Ed Norris is the product of Brooklyn.  His father, grandfather, and two of his uncles were NYPD.  Norris joined the force when he was 20.  His aptitude for the work, near mythical hard-charging, and thirst for advancement led to stints in narcotics and homicide.  He headed the NYPD's fugitive division and created a cold case squad that solved twenty-seven murders in six weeks.  He catapulted to deputy commissioner when he was 36.

In 1999, with Baltimore's murder rate seven times higher than the national average (gang-bangers spray-painted "Bodymore, Murderland" on the dilapidated buildings and cracked pavement in West Baltimore), the city's new mayor, Martin O'Malley, recruited Norris to become deputy commissioner of the BPD.  When Commissioner Ronald Daniel resigned after 57 days, Norris, in March of 2000, took over.  He vowed to get annual homicides below 300.

Norris immediately hammered at the status quo.  He shifted schedules, fired deadwood from the command staff, and created a task force that captured 250 fugitives with outstanding warrants for murder or attempted murder.  He used ComStat, the crime tracking system, to map and grid criminal "hot spots" so he could figure out where to deploy his cops.  He infused a manic enthusiasm for crime fighting.  His charges loved him.  He brought pride back to the badge.  He led from the front, bolting down the streets ofWest Baltimorein his squad car, Unit One, clad in a black leather jacket and dark sunglasses.  Gifted with media savvy, his weekly press conferences rippled with quotable utterances.  Often the first to arrive at crime scenes, he'd orchestrate the investigation and direct the TV cameras.  Homicides dropped from 305 to 261, and violent crimes plummeted by 28%.

Norris was big, bigger than even the young, charismatic O'Malley (the media started calling them Pretty Boy and Bruno; kicking ass and taking names.) He ate filet mignon, rare, at the city's finest restaurants.  He drank.  He partied.  He slept little.  He played detective Ed Norris on the HBO series The Wire.  He posed with tourists.  He was a folk hero to a city accustomed to an overflowing morgue.  Then it began to unravel.

The Baltimore Sun started running articles which claimed that Norris had been spending money from a BPD discretionary account on things like cuff links, dinners, golf shirts, sweatshirts, and souvenirs for staff and visiting police chiefs who he'd also treat to Baltimore Orioles baseball games.  This "off the books" discretionary account, initiated in the 1920s, was spent by commissioners on things like dress uniforms, "appreciation" lunches for police personnel, and additional training for officers.
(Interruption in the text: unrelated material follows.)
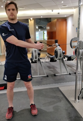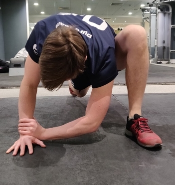 This is another anti-flexion trunk exercise with upper body activation, providing additional mobility for scapular, thoracic/ lumbar spine and posterior chain as well as posterior neural mobilisation. Perform continuously for 2 minutes.

U.S. Attorney forMaryland, Thomas M. DiBaigio, said there'd be no investigation of Norris's spending because no taxpayer money was involved, it was a private BPD fund; let them deal with it.
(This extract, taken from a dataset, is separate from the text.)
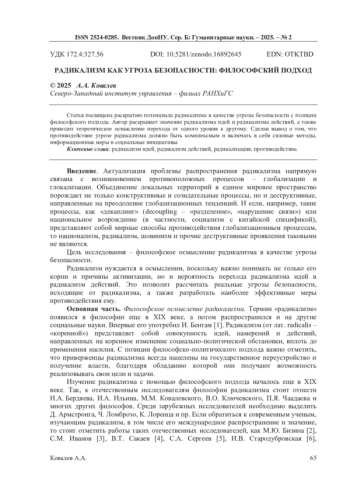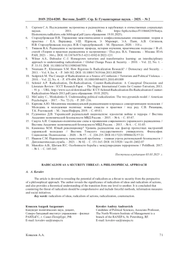 Статья посвящена раскрытию потенциала радикализма в качестве угрозы безопасности с позиции философского подхода. Автор раскрывает значение радикализма идей и радикализма действий, а также приводит теоретическое осмысление перехода от одного уровня к другому. Сделан вывод о том, что противодействие угрозе радикализма должно быть комплексным и включать в себя силовые методы, информационные меры и социальные инициативы.

Norris wanted to resign but O'Malley convinced him to repay the account and put it behind him.  So he forked over $6,000 for the trip to New York to attend a funeral, the Orioles tickets, and $2,000 of undocumented spending, which included, it turned out, a pair of combat boots and a spider rescue knife purchased the day after the September 11 attacks.

Norris, who'd already transformed the BPD, wanted a new challenge, so, in December of 2002, he resigned as police commissioner and accepted the offer of the newly elected Governor, Robert L. Erhlich, Jr., to run the Maryland State Police.  Erhlich wanted Norris to wield his hammer to transform the stale institution into a modern force.  "Ed doesn't suffer fools lightly," said Erhlich, "I wanted him to bring his aggressive, cocky swagger to the state police."  Norris, who'd become obsessed with terrorism after 9-11, was keen to beef up the troopers' anti-terrorism training, by setting up, among other things, an intelligence division and a 24-hour terrorism watch center.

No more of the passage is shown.